What we ask of him is the same thing we ask of any other free man.  To fight his best to be the best if he wants to be the best, and if he can't be the best, to at least let us enjoy the person who actually is.  Great black men are free to be anything they want.  They can be presidents and they can be bums.  They can sing opera and they can wear tie-dye.  We only ask the same for ourselves.  

Your father,
-J

*If we consider the case of Disney alone, they did The Lion King better than Africans could have and Aladdin better than the Arabs and Moana better than the Hawaiians and Pocahontas better than the Indians and Mulan better than the Chinese.  It's no wonder black people are afraid of white artists.  We've done the world better than the world.

**The great spiritual difference between the races can be proved by comparing a fear of illegal immigration with a fear of gentrification.  A man who's terrified of illegal immigration is worried the country's going to get worse.  A man who's terrified of gentrification is worried the country's going to get better.

***Tuchmann's example is from the Middle Ages, but a much closer one is available.  It's a crime all over America to impersonate a policeman because policemen are worried about losing their power.  A surge of false policemen means a skepticism about real policemen; and a skepticism about real policemen leads to a loss of authority.  Police culture, the ways they talk and dress and command, is their power.  The moment they lose it they become like the rest of us; so the rest of us have decided that they shouldn't be able to lose it.

****Black History Month is an insult to the dignity of African Americans and can best be summed up by that essay of Mencken's where he insulted the entire south and then a Georgian state historian responded embarrassingly.  Mencken writes,
It is as if the Civil War stamped out every last bearer of the torch, and left only a mob of peasants on the field.

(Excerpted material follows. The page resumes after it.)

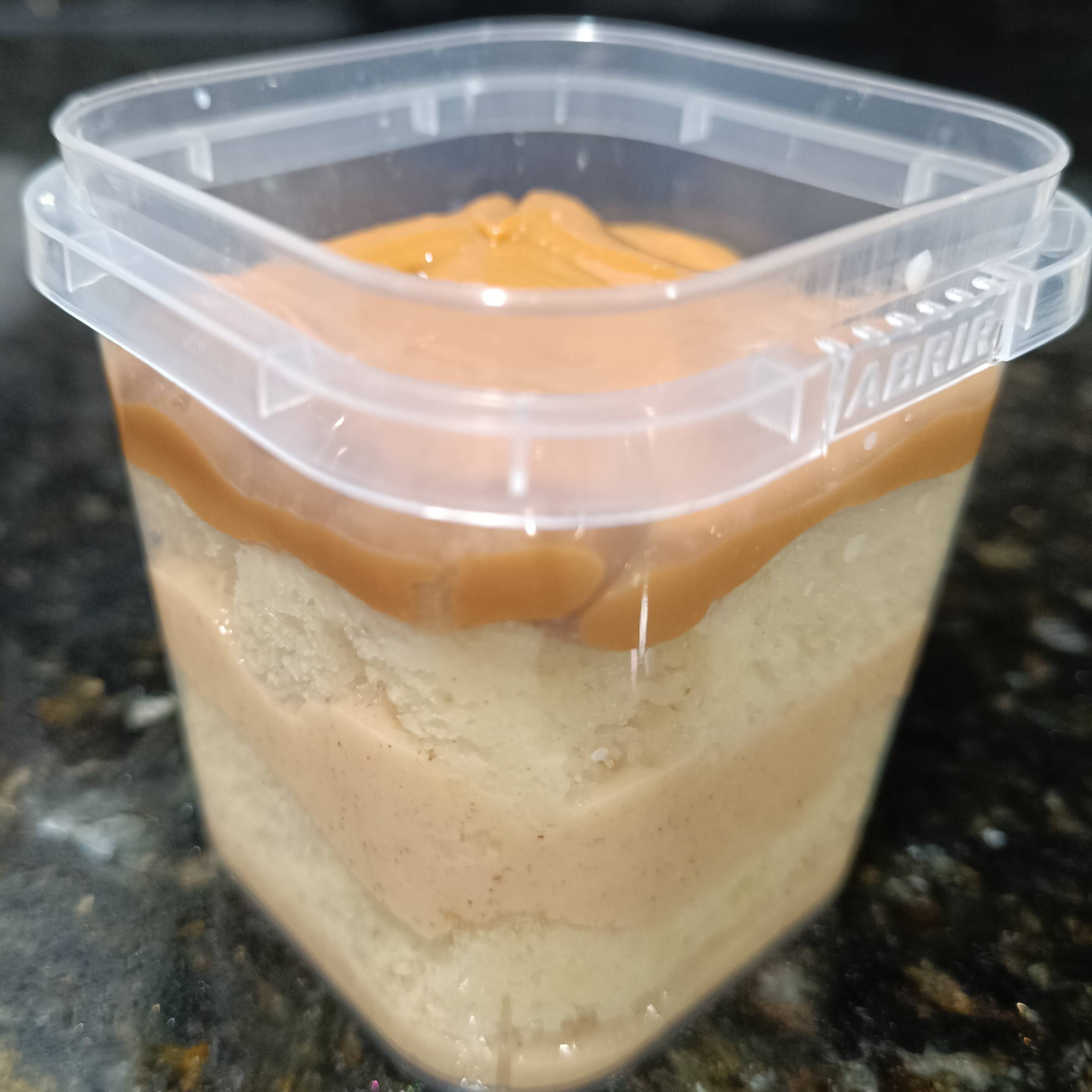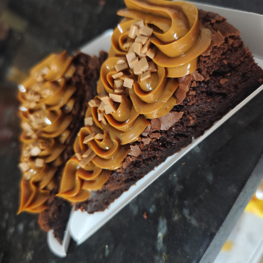 Fatia do nosso brownie com uma massa bem chocolatuda e uma leve casquinha crocante por fora. Generosa cobertura de doce de leite cozido na panela de pressão e finalizado com granulado de caramelo nobre.

One thinks of Asia Minor, resigned to Armenians, Greeks and wild swine, of Poland abandoned to the Poles. In all that gargantuan paradise of the fourth-rate there is not a single picture gallery worth going into, or a single orchestra capable of playing the nine symphonies of Beethoven, or a single opera-house, or a single theater devoted to decent plays, or a single public monument (built since the war) that is worth looking at, or a single workshop devoted to the making of beautiful things. Once you have counted Robert Loveman (an Ohioan by birth) and John McClure (an Oklahoman) you will not find a single southern poet above the rank of a neighborhood rhymester. Once you have counted James Branch Cabell (a lingering survivor of the ancien rĂ©gime: a scarlet dragonfly imbedded in opaque amber) you will not find a single southern prose writer who can actually write.[Pg 139] And once you have—but when you come to critics, musical composers, painters, sculptors, architects and the like, you will have to give it up, for there is not even a bad one between the Potomac mud-flats and the Gulf. Nor an historian. Nor a sociologist. Nor a philosopher. Nor a theologian. Nor a scientist. In all these fields the south is an awe-inspiring blank—a brother to Portugal, Serbia and Esthonia."
The state historian of Georgia's (accidentally) hilarious reply:
Who has not heard of Asa G. Candler, whose name is synonymous with Coca-Cola, a Georgia product?
The first Sunday-school in the world was opened in Savannah.
Who does not recall with pleasure the writings of Frank L. Stanton, Georgia's brilliant poet?
Georgia was the first state to organize a Boys' Corn Club in the South—Newton county, 1904.
The first to suggest a common United Daughters of the Confederacy badge was Mrs. Raynes, of Georgia.
The first to suggest a state historian of the United Daughters of the Confederacy was Mrs. C. Helen Plane (Macon convention, 1896).
The first to suggest putting to music Heber's "From Green-land's Icy Mountains" was Mrs. F. R. Goulding, of Savannah-- 
--a defense more insulting than the attack.